Your task: Pictures aside, return all of the records exactly as they stand.

------ Source material

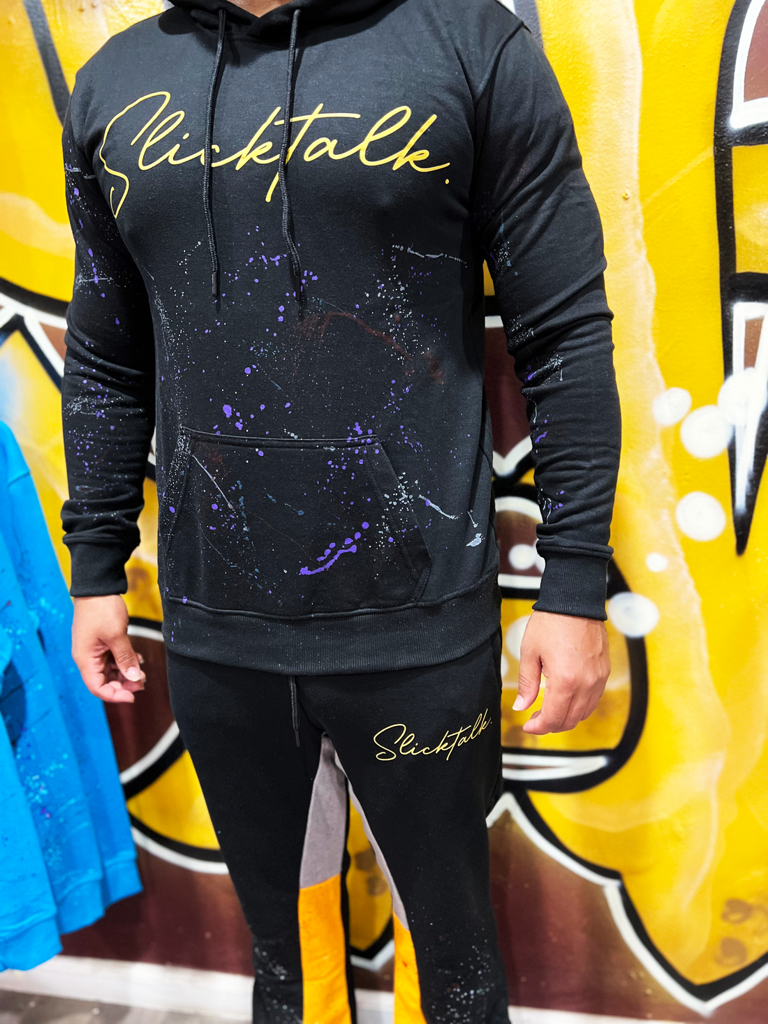 Black Slick Talk Sweat Suit
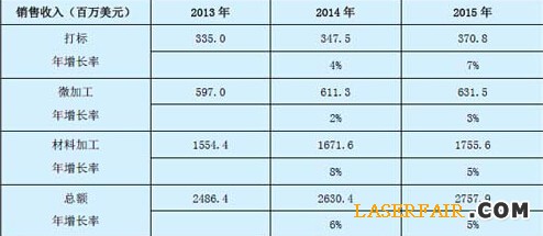 如表2所示,打標/雕刻市場是推動低功率激光類別增長的主要動力?;仡櫣I(yè)激光器從1970年開始的表現(xiàn),發(fā)現(xiàn)只有在兩個重要的市場逆轉(zhuǎn)點(1993年和2008年-2009年)時打標/雕刻市場的銷售才有所下降。該市場目前主要是靠質(zhì)量獲勝,因為低功率光纖激光器和CO2激光器的成本使得利潤難以維持。2014年銷售數(shù)量繼續(xù)保持個位數(shù)增長,預計2015年會略微增加。(2)微加工業(yè)務(wù)
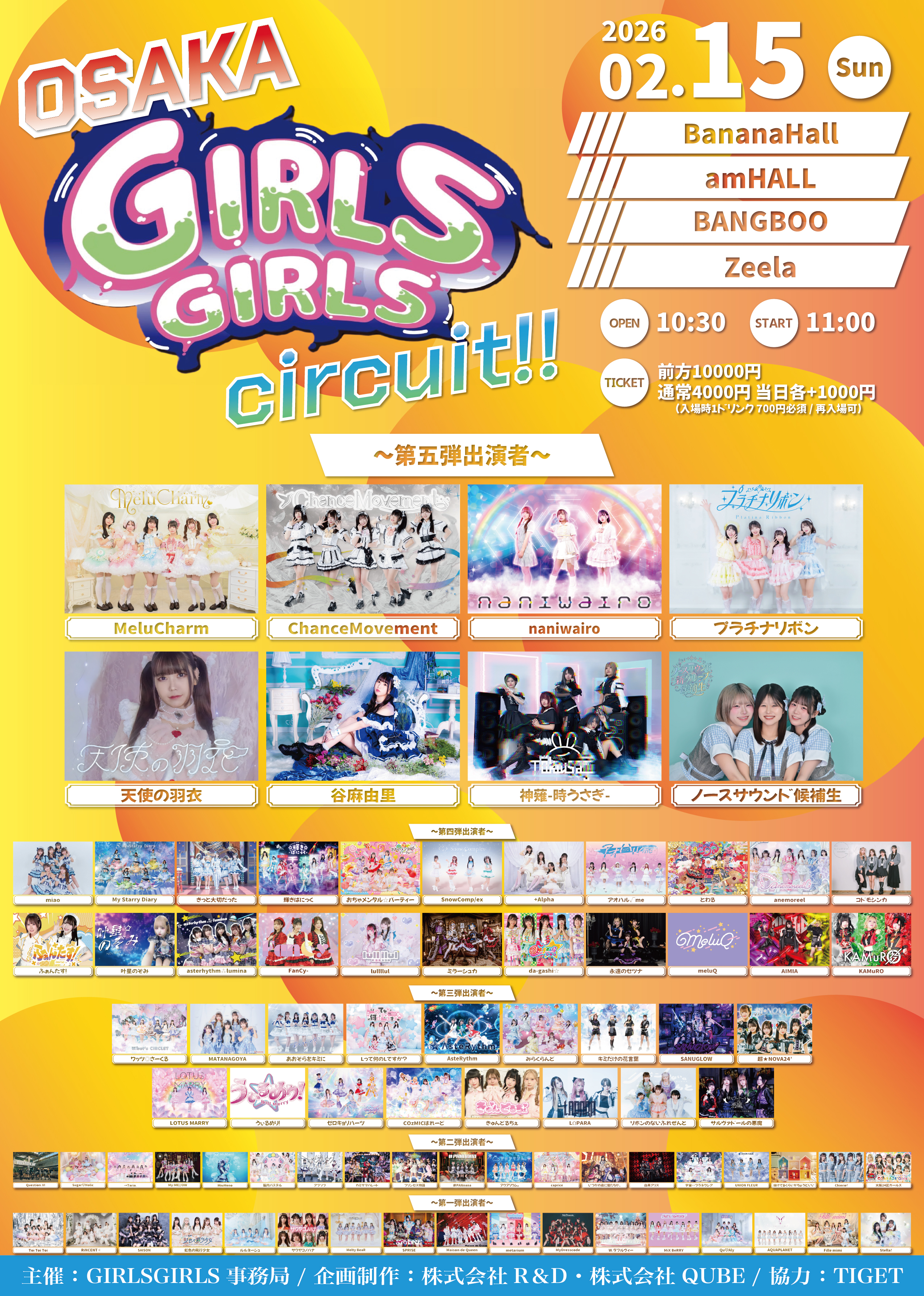 - 前方10000円 / 通常4000円 / 当日各+1000円 (入場時1ドリンク700円必須/再入場可)
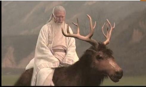 (电视剧《封神榜》中,姜子牙骑在以麋鹿为原型的“四不像”上。来源:网络)
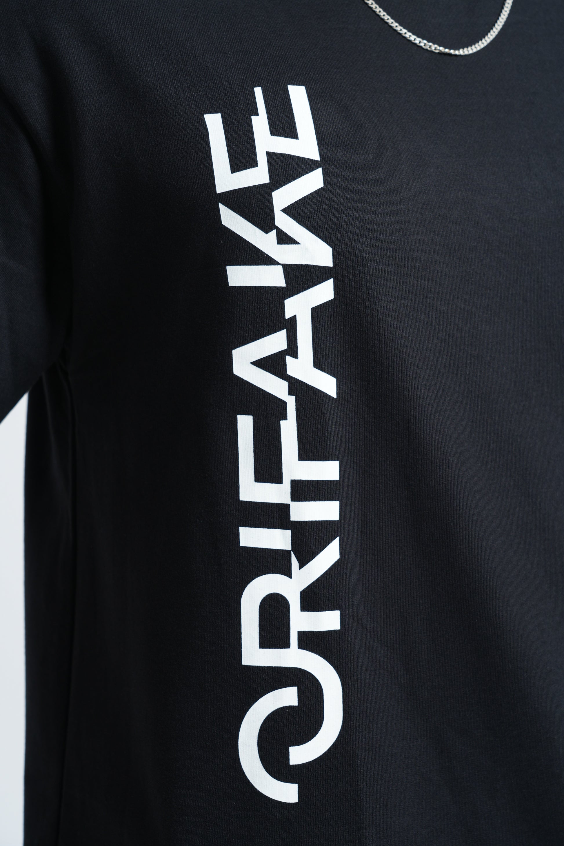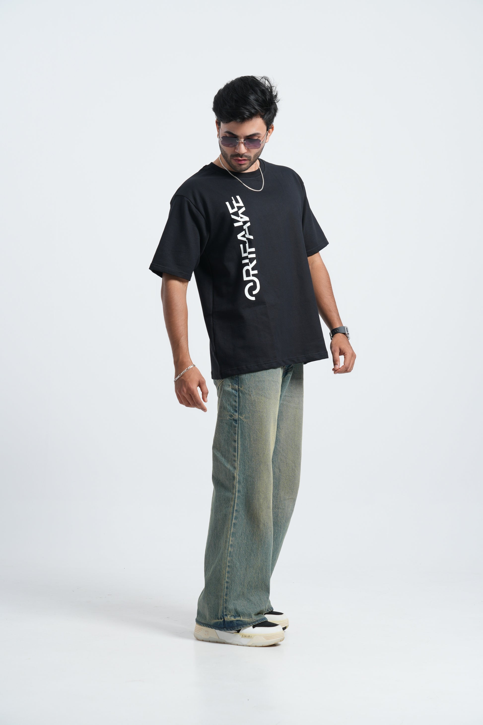 A vertical Orifake insignia runs down the right side in a bold, geometric font — a mark of individuality that complements its minimalist form. The five-sleeve silhouette adds contemporary balance, making it ideal for casual moments, creative spaces, or quiet weekends alike.

------------

Response area:
 Black Slick Talk Sweat Suit
 如表2所示,打標/雕刻市場是推動低功率激光類別增長的主要動力?;仡櫣I(yè)激光器從1970年開始的表現(xiàn),發(fā)現(xiàn)只有在兩個重要的市場逆轉(zhuǎn)點(1993年和2008年-2009年)時打標/雕刻市場的銷售才有所下降。該市場目前主要是靠質(zhì)量獲勝,因為低功率光纖激光器和CO2激光器的成本使得利潤難以維持。2014年銷售數(shù)量繼續(xù)保持個位數(shù)增長,預計2015年會略微增加。(2)微加工業(yè)務(wù)
 - 前方10000円 / 通常4000円 / 当日各+1000円 (入場時1ドリンク700円必須/再入場可)
 (电视剧《封神榜》中,姜子牙骑在以麋鹿为原型的“四不像”上。来源:网络)
 A vertical Orifake insignia runs down the right side in a bold, geometric font — a mark of individuality that complements its minimalist form. The five-sleeve silhouette adds contemporary balance, making it ideal for casual moments, creative spaces, or quiet weekends alike.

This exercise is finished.